The applicant’s circumstances

  1. Decision makers should have regard to the applicant’s circumstances in their home country and the applicant’s potential circumstances in Australia.

  2. For primary applicants of Subclass 500 Student visas, decision makers should have regard to the value of the course to the applicant’s future.

  3. Weight should be placed on an applicant’s circumstances that indicate that the Student visa or Student Guardian visa is intended primarily for maintaining residence in Australia.

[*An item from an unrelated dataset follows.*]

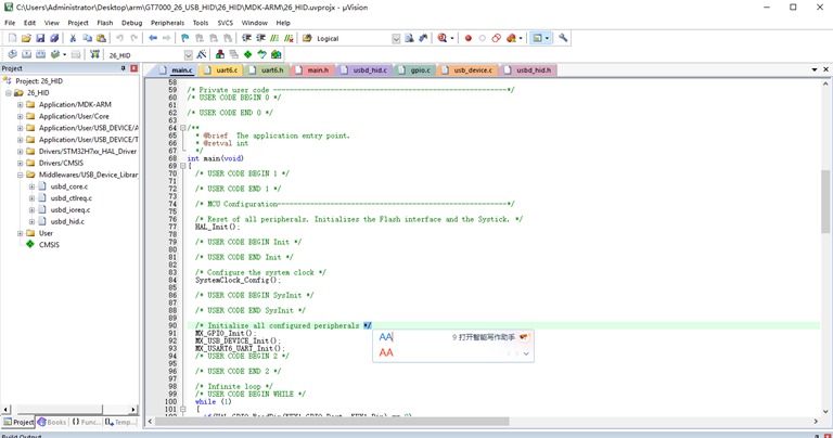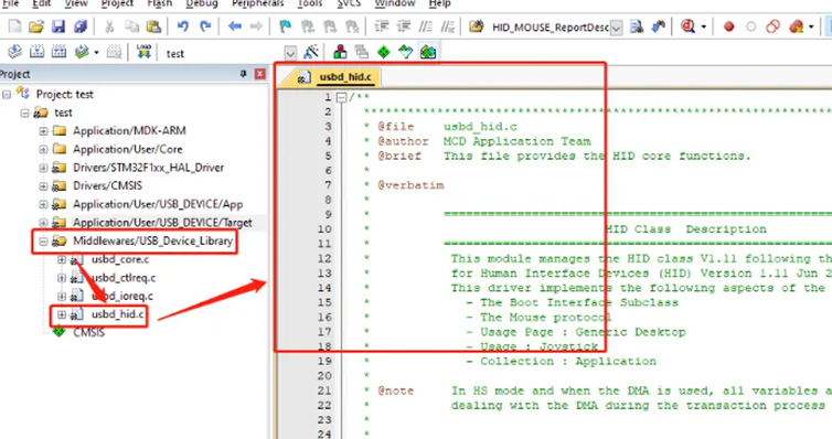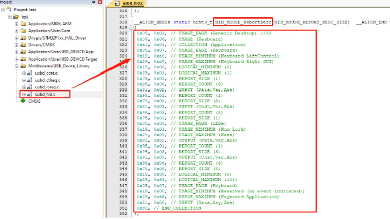 - 我们打开实验工程文件,修改USB_hid.c文件

The applicant’s circumstances in their home country

  1. When considering the applicant’s circumstances in their home country, decision makers should have regard to the following factors:

    a.whether the applicant has reasonable reasons for not undertaking the study in their home country or region if a similar course is already available there. Decision makers should allow for any reasonable motives established by the applicant;

    b.the extent of the applicant’s personal ties to their home country (for example family, community and employment) and whether those circumstances would serve as a significant incentive to return to their home country;

    c.economic circumstances of the applicant that would present as a significant incentive for the applicant not to return to their home country. These circumstances may include consideration of the applicant’s circumstances relative to the home country and to Australia;

    d.military service commitments that would present as a significant incentive for the applicant not to return to their home country; and

    e.political and civil unrest in the applicant’s home country. This includes situations of a nature that may induce the applicant to apply for a Student visa or Student Guardian visa as means of obtaining entry to Australia for the purpose of remaining indefinitely. Decision makers should be aware of the changing circumstances in the applicant’s home country and the influence these may have on an applicant’s motivations for applying for a Student visa or a Student Guardian visa.

  2. Decision makers may have regard to the applicant’s circumstances in their home country relative to the circumstances of others in that country.

The applicant’s potential circumstances in Australia

  1. In considering the applicant’s potential circumstances in Australia, decision makers should have regard to the following factors:

    a.The applicant’s ties with Australia which would present as a strong incentive to remain in Australia. This may include family and community ties;

    b.evidence that the student visa programme is being used to circumvent the intentions of the migration programme;

    c.whether the Student visa or Student Guardian visa is being used to maintain ongoing residence;

    dwhether the primary and secondary applicant(s) have entered into a relationship of concern for a successful Student visa outcome. Where a decision maker determines that an applicant and dependant have contrived their relationship for a successful Student visa outcomes, the decision maker may find that both applicants do not satisfy the genuine temporary entrant criterion; and

    e.the applicant’s knowledge of living in Australia and their intended course of study and the associated education provider; including previous study and qualifications, what is a realistic level of knowledge an applicant is expected to know and the level of research the applicant has undertaken into their proposed course of study and living arrangements.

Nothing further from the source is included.